Which can also be stated as:

\[posterior = \frac{likelihood \ast prior}{evidence}\]

Or, being explicit about data \(\mathcal{D}\) and parameters \(\theta\), we might write it as:

\[p(\theta|\mathcal{D}) = \frac{p(\mathcal{D}|\theta) \ast p(\theta)}{p(\mathcal{D})}\]

This is a change in frame of reference with respect to variable data and fixed parameters which is the hallmark of Bayesian thinking. After you observe the data, it is fixed. This session we will talk about priors, how to think about the prior and what influence it has on the posterior.

General references:

  • Pattern Recognition and Machine Learning (9780387310732) Bishop, Christopher M.

  • Statistical Inference (9780534243128): Casella, George, Berger, Roger L.

  • Probability Theory and Statistical Inference: Empirical Modeling with Observational Data (9781107185142): Spanos, A.

  • Bayesian Models: A Statistical Primer for Ecologists (9780691159287): Hobbs, N. Thompson, Hooten, Mevin B.

  • A First Course in Bayesian Statistical Methods (0387922997): Hoff, Peter D.




Prior * Likelihood

In learning about Bayes’ Rule, we saw how our prior information about the occurrence of an event is updated through the conditional probability of an event. We are now considering the case where both the conditional probability of data|parameters and the prior are distributions (including possibly the uniform).

As related to Bayes’ Rule, the prior is the unconditional probability of the parameters before (new) data. Priors can come from a number of sources including

  • past experiments or experience

  • some sort of desire for balance or weighting in a decision

  • non-informative, but objective

  • mathematical convenience

Choice of the prior is as much about what is currently known about the parameters as it is about the goal of the analysis. This makes the choice of prior subjective and often contested. How do we choose priors? Two broad categories could include:

  • noninformative

  • informative

The priors can also be proper, ie conform to the rules of probability and integrate to 1, or improper. As an example, consider the uniform distribution as a prior to the mean in a normal distribution, we want to apply equal weights to all possible values of \(\mu\). However, \(\mu \in [-\infty,\infty]\) and our uniform prior must span the same range. Jeffrey’s prior is another example of an (often) improper prior discussed below.

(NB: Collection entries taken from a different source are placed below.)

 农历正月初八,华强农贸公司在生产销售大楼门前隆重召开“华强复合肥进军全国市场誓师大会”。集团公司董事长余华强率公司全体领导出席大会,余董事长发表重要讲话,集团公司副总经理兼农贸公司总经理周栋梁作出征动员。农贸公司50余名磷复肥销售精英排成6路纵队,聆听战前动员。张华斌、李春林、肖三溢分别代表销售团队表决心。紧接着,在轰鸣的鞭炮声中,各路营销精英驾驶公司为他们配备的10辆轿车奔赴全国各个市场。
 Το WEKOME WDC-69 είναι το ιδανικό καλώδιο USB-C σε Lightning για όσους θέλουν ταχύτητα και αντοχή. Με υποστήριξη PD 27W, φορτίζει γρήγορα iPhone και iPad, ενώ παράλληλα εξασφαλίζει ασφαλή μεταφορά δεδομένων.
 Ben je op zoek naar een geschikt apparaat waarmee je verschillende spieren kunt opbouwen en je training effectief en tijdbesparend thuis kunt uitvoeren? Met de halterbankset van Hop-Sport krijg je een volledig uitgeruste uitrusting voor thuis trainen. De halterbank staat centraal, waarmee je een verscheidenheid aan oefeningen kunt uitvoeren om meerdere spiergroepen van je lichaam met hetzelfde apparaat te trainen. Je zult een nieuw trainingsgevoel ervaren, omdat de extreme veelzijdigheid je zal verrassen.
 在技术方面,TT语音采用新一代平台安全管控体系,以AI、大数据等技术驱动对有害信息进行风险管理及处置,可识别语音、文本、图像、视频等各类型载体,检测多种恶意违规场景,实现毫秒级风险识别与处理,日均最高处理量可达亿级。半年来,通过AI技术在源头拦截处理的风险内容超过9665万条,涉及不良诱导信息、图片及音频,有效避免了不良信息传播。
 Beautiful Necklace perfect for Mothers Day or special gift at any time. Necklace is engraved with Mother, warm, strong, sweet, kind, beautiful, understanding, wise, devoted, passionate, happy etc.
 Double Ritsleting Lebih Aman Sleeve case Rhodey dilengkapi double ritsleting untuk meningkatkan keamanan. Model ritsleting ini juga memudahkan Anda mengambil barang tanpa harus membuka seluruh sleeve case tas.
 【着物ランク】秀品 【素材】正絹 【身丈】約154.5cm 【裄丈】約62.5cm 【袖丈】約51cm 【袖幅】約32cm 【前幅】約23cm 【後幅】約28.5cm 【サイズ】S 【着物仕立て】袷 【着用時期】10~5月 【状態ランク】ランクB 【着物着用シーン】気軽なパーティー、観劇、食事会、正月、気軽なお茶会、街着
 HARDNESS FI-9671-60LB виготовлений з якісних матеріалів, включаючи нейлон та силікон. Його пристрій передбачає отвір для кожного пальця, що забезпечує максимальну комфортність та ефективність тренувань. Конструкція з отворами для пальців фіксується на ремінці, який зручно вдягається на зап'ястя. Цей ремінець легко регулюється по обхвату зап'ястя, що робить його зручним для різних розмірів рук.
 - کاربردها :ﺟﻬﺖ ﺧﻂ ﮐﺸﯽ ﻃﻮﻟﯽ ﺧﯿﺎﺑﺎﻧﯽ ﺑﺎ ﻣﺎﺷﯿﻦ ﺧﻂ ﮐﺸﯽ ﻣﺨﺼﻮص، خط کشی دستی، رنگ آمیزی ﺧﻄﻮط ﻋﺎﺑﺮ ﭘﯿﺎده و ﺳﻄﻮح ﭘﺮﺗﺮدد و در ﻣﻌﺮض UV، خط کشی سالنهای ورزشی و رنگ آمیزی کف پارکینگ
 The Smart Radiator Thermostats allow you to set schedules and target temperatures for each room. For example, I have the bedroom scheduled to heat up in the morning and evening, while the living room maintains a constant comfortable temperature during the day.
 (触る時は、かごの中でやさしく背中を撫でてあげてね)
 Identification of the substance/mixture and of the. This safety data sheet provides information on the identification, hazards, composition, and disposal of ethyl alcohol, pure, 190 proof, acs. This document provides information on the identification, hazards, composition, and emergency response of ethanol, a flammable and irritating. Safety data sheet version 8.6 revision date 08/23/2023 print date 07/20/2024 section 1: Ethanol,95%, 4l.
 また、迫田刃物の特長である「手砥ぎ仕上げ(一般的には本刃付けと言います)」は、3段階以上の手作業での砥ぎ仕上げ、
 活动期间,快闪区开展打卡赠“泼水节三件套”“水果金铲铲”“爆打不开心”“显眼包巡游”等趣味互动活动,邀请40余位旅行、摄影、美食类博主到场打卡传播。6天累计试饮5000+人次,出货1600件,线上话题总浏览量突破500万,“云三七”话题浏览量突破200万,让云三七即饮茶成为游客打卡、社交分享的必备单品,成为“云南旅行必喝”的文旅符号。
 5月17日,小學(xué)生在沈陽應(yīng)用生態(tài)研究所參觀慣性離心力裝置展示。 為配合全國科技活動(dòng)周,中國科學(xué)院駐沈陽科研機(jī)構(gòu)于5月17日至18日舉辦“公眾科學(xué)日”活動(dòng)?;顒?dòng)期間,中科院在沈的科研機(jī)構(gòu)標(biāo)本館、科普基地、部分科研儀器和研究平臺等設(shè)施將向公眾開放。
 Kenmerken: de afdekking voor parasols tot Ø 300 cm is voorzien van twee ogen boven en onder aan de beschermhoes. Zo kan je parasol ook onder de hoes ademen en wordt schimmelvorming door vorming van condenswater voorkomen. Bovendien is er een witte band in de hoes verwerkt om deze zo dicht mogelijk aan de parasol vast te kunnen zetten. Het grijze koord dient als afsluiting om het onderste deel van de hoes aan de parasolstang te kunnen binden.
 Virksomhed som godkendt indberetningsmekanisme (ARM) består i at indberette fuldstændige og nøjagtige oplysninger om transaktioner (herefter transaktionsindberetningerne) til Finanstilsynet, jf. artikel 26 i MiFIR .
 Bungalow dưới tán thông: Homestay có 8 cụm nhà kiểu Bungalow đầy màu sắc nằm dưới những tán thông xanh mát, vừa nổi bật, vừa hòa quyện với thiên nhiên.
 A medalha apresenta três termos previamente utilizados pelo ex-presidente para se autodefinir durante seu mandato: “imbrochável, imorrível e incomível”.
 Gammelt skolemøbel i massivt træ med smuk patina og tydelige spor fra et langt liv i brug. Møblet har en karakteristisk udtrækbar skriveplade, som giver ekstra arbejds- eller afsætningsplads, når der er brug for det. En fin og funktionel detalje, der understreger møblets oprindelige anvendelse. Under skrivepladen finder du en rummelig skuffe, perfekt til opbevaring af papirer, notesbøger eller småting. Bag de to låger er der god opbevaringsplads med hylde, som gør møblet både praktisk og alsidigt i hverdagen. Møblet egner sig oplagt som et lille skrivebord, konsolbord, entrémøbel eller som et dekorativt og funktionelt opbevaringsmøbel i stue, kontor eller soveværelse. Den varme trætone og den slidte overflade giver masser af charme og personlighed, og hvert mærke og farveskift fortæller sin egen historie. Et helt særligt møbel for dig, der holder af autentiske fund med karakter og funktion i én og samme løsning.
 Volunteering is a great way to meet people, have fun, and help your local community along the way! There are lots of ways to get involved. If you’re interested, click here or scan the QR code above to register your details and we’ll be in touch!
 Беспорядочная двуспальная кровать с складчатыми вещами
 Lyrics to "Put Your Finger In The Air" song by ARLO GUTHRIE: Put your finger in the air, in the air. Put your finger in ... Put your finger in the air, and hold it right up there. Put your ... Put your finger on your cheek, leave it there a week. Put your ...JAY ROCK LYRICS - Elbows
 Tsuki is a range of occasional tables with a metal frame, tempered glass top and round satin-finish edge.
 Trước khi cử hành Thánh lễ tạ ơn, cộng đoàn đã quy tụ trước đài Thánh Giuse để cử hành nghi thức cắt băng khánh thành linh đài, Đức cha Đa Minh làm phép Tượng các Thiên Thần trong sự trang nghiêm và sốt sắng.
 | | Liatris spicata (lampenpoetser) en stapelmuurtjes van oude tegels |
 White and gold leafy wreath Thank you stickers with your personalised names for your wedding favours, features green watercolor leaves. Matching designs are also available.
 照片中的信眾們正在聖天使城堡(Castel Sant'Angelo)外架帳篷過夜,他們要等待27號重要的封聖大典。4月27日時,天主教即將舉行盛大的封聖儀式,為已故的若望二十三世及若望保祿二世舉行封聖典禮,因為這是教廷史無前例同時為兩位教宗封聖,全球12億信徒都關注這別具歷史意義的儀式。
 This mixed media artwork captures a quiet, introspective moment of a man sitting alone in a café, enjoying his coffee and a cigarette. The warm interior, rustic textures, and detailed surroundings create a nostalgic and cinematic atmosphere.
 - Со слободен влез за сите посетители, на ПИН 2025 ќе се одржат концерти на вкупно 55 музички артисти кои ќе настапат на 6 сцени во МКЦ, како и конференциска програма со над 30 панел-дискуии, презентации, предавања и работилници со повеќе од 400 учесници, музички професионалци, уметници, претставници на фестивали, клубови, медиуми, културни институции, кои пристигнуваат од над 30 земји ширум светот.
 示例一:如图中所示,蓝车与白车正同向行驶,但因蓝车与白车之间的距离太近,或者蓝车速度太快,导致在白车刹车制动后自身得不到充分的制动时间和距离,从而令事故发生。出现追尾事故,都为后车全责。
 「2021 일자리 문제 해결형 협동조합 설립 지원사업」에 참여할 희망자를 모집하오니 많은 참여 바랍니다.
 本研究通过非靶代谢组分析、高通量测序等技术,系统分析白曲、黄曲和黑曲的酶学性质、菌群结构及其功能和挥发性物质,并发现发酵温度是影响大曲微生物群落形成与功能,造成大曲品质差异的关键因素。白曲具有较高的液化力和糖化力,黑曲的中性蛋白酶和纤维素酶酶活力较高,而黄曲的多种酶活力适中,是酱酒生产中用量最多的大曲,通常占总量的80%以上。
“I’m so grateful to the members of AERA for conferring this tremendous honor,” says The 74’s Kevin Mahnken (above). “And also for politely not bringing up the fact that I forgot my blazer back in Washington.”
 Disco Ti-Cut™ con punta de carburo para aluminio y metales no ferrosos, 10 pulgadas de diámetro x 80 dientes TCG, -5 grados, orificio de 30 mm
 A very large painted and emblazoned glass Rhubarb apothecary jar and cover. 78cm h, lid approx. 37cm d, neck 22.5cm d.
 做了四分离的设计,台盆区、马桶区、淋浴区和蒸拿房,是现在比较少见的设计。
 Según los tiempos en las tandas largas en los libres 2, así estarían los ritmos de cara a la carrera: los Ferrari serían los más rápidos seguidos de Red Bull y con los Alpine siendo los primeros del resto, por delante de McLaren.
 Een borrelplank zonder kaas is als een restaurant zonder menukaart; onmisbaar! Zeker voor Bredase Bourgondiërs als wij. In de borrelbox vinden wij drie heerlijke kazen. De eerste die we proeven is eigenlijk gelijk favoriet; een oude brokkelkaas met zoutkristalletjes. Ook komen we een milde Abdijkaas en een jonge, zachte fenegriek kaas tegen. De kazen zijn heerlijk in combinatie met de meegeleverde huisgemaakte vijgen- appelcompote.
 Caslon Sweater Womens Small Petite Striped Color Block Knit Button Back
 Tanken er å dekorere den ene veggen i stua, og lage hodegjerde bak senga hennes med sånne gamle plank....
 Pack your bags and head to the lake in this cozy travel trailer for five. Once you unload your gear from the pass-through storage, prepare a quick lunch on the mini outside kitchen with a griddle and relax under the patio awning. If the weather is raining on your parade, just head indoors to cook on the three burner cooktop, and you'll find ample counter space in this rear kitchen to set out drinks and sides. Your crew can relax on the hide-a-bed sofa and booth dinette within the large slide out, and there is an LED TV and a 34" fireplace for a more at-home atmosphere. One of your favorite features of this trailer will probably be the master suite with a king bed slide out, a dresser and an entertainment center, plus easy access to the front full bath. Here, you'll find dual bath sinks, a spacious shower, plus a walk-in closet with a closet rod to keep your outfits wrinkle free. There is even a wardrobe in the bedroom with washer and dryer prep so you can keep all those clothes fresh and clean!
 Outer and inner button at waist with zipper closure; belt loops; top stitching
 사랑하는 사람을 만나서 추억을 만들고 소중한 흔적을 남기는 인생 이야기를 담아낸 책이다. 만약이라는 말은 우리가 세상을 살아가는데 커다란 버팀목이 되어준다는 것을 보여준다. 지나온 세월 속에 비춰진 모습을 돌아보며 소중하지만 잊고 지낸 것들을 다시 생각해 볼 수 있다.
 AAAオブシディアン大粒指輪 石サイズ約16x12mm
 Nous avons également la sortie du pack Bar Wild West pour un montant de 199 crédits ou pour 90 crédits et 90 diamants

The form of the prior is also a choice. Convenient choices of priors can lead to closed form solutions for the posterior.




Conjugate priors

Conjugate priors are priors that induce a known distribution in the posterior. When computing the posterior probability, if we have a justifiable reason for using pairing the likelihood with a conjugate prior, we will find the posterior probability is a known distribution. For example, consider

\[X \sim Bern(\theta)\]

The likelihood takes the form:

\(f(x|\theta) = \prod_{i=1}^n \theta^{x_i}(1-\theta)^{1-x_i} = \theta^{k}(1-\theta)^{n-k}\), where \(k=\sum x_i\),shifting our focus from x, to \(\theta\), if \(\theta\) were the random variable, it appears to have the functional kernel of the distribution of a beta. If we assume the prior take the form of a beta distribution (dropping all the constants):

\[f(x|\theta) \ast p(\theta) \propto \theta^{k}(1-\theta)^{n-k} \ast \theta^{\alpha-1}(1-\theta)^{\beta-1} = \theta^{\alpha+k-1}(1-\theta)^{\beta+n-k-1}\]

Which we recognize as \(Beta(\alpha+k,\beta+n-k)\) in \(\theta\).

IF, we are modelling a Bernoulli process and use a prior with a Beta distribution, our posterior has a known distribution with parameters as shown.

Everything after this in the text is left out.